| Supplied information |
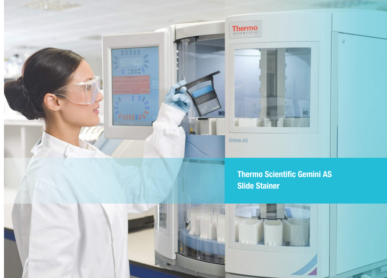
Thermo Scientific Gemini AS Slide Stainer
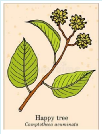
Figure 11: Camptotheca Acuminata .

The Camptotheca known as the Happy Tree, is a fern-like deciduous tree with a variety of medicinal uses. CPT-11 is a compound that is extracted from the Camptotheca acuminata plant and is administered in patients with brain tumors through the drug Irinotecan. It is used to prevent the mutation of cells into cancerous cells with the possibility of preventing or reducing the disease into one that is benign (Figure 11).
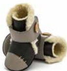
Soft Soled Booties

| Work instructions |
Only the lines from the one with "The Camptotheca known" through the final line of the data should be written out, exactly and including both ends. Skip the pictures.

| Response box |
The Camptotheca known as the Happy Tree, is a fern-like deciduous tree with a variety of medicinal uses. CPT-11 is a compound that is extracted from the Camptotheca acuminata plant and is administered in patients with brain tumors through the drug Irinotecan. It is used to prevent the mutation of cells into cancerous cells with the possibility of preventing or reducing the disease into one that is benign (Figure 11).
Soft Soled Booties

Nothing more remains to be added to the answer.